The wineries selling off their wine remain anonymous, but Busch says word of mouth and the quality is proving high-value wine still sells. His last bottling of 1,400 cases went on sale in June and sold out in mid-August. Renegade costs about $10 in Seattle shops and the reserve label can be found for $18 to $20.

But Busch says that outcome doesn’t happen without relationships. Busch spends much of his time traveling to his different markets across the country. He’s seeing many vintages from 2002 and 2003 from other Washington wineries still lingering on the shelf.

“They are not out here shaking hands, making relationships with people and following up with these people to make sure these wines are selling,” Busch notes. “It’s easy to make it but hard to sell it these days.”

Celebrity Crush

Increasingly, Washington winemakers are dawing on star power to push out more bottles. The actor Kyle MacLachlan, a Yakima native famous for his roles in Twin Peaks and Desperate Housewives, has started a label in collaboration with Dunham Cellars called Pursued by Bear. Walla Walla-raised football star Drew McQueen Bledsoe has returned to his boyhood town to produce a new wine named Doubleback. And even rocker Geoff Tate of the band Queensrÿche has put his name behind a bottle with Three Rivers Winery called Insania.

These celebrity projects have their ups and downs. Three Rivers Winery says it’s drawing in a new crowd by the association with Tate—new, edgier fans who wouldn’t have otherwise stopped at the stately vineyard and golf course just outside of Walla Walla. Many wine fans seem skeptical of the true quality of celeb labels. Still, some stars are pouring quality ingredients into their labels, and succeeding in the marketplace, despite the bad economy. Take actor Kyle MacLachlan and his project in Walla Walla.

Pursued by Bear
Kyle MacLachlan
Actor Kyle MacLachlan, a Yakima native, partnered with Dunham Cellars to create the Pursued By Bear label. (MacLachlan photo by Greg Gorman)

“We are just kind of full steam ahead,” MacLachlan says. “We work so far in the future. I order barrels three years in advance to when the wine will be released.”

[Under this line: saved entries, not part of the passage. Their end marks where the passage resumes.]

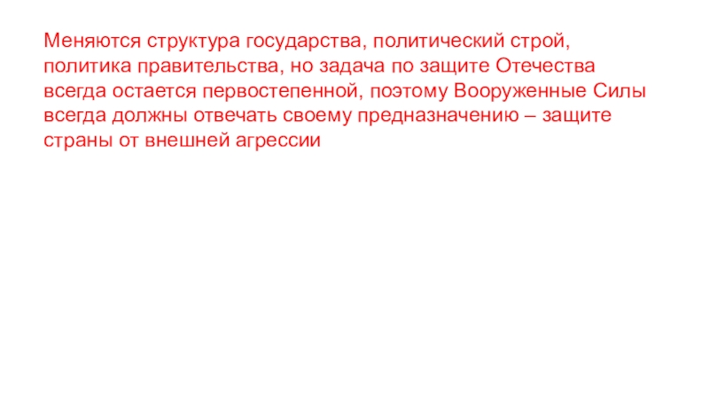 Слайд 48Меняются структура государства, политический строй, политика правительства, но задача по защите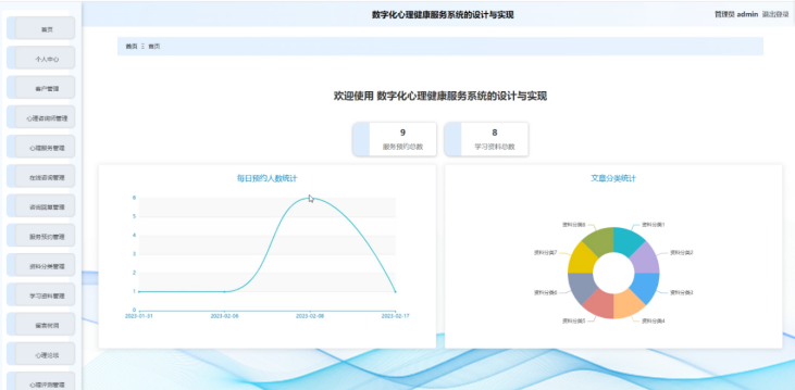 系统管理:管理员可以对用户、心理咨询师、心理服务、评测工具等进行管理,同时支持系统公告、轮播图等模块的编辑。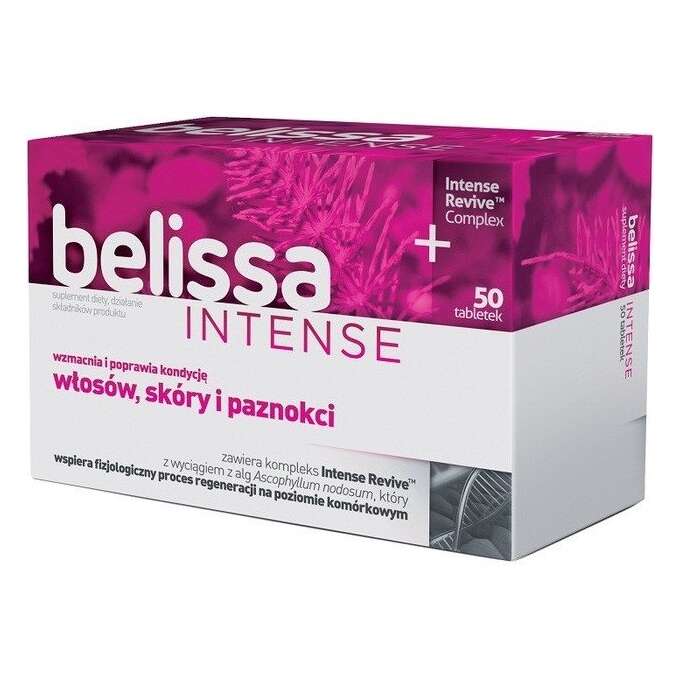 Das neue Nahrungsergänzungsmittel belissa INTENSE ist ein Produkt für Frauen, dessen Inhaltsstoffe den guten Zustand von Haaren, Haut und Nägeln unterstützen. Die bestehende Zusammensetzung von belissa wurde mit dem Intense Revive™-Komplex angereichert, dessen Inhaltsstoffe der Haut helfen, ihr Gleichgewicht zu erhalten und den physiologischen Regenerationsprozess bereits auf Zellebene zu unterstützen*.*Intense Revive-Komplex – ist eine Kombination aus Ascophyllum nodosum Algenextrakt und Vitis vinifera Traubenkernextrakt. Die Algen unterstützen den physiologischen Prozess der Zellregeneration. Außerdem helfen sie der Haut, ihr physiologisches Gleichgewicht aufrechtzuerhalten und unterstützen die Aufrechterhaltung der richtigen Hautfestigkeit und -feuchtigkeit. Traubenkerne hingegen unterstützen die Gesundheit und das Aussehen der Haut.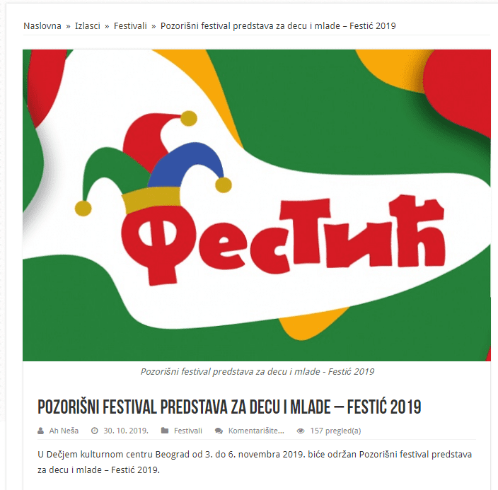 Интернет медији о позоришном фестивалу за децу ФЕСТИЋ 2019 Posted on 31/10/201905/03/2020 БЛИЦ ДАН У БЕОГРАДУ Posted in Press Clipping.

MacLachlan adds what has been challenging is the amount of road time required to promote his wine. “They take the meeting because of who I am,” he says. “Then they taste the wine and go, ‘Wow, this is better than I thought.’”

And MacLachlan says those chefs and sommeliers are buying more wine after their first order. He is also increasing the number of locations where you can find Pursued by Bear in Seattle, Portland, L.A., New York and Washington, D.C.

MacLachlan states the best thing about the Washington wine industry, and Walla Walla winemakers in particular, is there is room for everybody, even in difficult times. “That’s one of the things that I really love about Walla Walla; there is an all-for-one attitude up there,” he says.

Wine Social

To help boost sales, some winemakers are quickly adopting social media and new forums to promote their wines, while others are hiring their children or their friends to navigate the scores of wine bloggers requesting free samples. This June, about 300 wine bloggers descended upon Walla Walla to sip, swirl and post frequent updates on Twitter and Facebook. JJ Williams’ family owns a winery on the dusty eastern Washington hill called Red Mountain. Williams, 23, is the third generation of his family working full-time in the business. And he’s in charge of dealing with the bloggers. Williams says wine bloggers can’t be ignored. They are continuing to grow in numbers and popularity. That’s forcing wineries to get savvy and give them information, tours and samples. It’s his job to sort out which blogs are legit. He says it’s very different from sending wine to an established wine critic.

“It’s difficult because you don’t know who you are sending wine to,” he explains. “You don’t know what their palate is. Really the nature of blogging is that anyone can have a voice and everyone has an opinion.”

Williams says keeping up with the bloggers can get expensive. It’s also hard to track sales stimulated by blogs. But he notes word of mouth already sells a lot of wine—and blogging is just another way that happens.